The CA’s stand is that contrary to appellant’s allegations, there was no sufficient proof that the
insured had suffered from hypertension.
 
Appellant insurance company had failed to establish that there was concealment made by the
insured, hence, it cannot refuse payment of the claim
 
The fraudulent intent on the part of the insured must be established to entitle the insurer to
rescind the contract. Misrepresentation as a defense of the insurer to avoid liability is an
affirmative defense and the duty to establish such defense by satisfactory and convincing
evidence rests upon the insurer. In the case at bar, the petitioner failed to clearly and satisfactorily
establish its defense, and is therefore liable to pay the proceeds of the insurance.
 
And that brings us to the last point in the review of the case at bar. Petitioner claims that there
was no evidence as to the amount of Dr. Leuterio’s outstanding indebtedness to DBP at the time
of the mortgagor’s death. Hence, for private respondent’s failure to establish the same, the action
for specific performance should be dismissed. Petitioner’s claim is without merit. A life insurance
policy is a valued policy.  Unless the interest of a person insured is susceptible of exact pecuniary
measurement, the measure of indemnity under a policy of insurance upon life or health is the
sum fixed in the policy.  The mortgagor paid the premium according to the coverage of his
insurance which states that:
The policy states that upon receipt of due proof of the Debtor’s death during the terms of this
insurance, a death benefit in the amount of P86,200.00 shall be paid.

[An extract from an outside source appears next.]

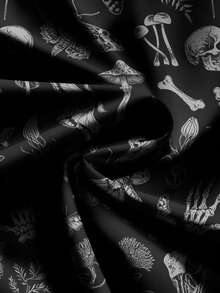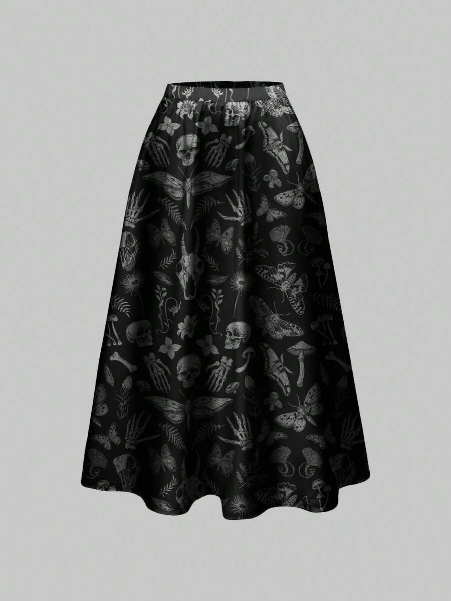 Goth Gothic Dark Horror Halloween Crow Skull Moth Plant Print Black Full-Print Women Skirt

In the event of the debtor’s death before his indebtedness with the creditor shall have been fully
paid, an amount to pay the outstanding indebtedness shall first be paid to the Creditor and the
balance of the Sum Assured, if there is any shall then be paid to the beneficiary/ies designated by
the debtor.”

However, we noted that the CA  decision was promulgated in 1993. In private respondent’s
memorandum, she states that DBP foreclosed in 1995 their residential lot, in satisfaction of
mortgagor’s outstanding loan. Considering this supervening event, the insurance proceeds shall
inure to the benefit of the heirs of the deceased person or his beneficiaries. Equity dictates that
DBP should not unjustly enrich itself at the expense of another ( Nemo cum alterius detrimenio
protest). Hence, it cannot collect the insurance proceeds, after it already foreclosed on the
mortgage. The proceeds now rightly belong to Leuterio’s heirs represented by his widow.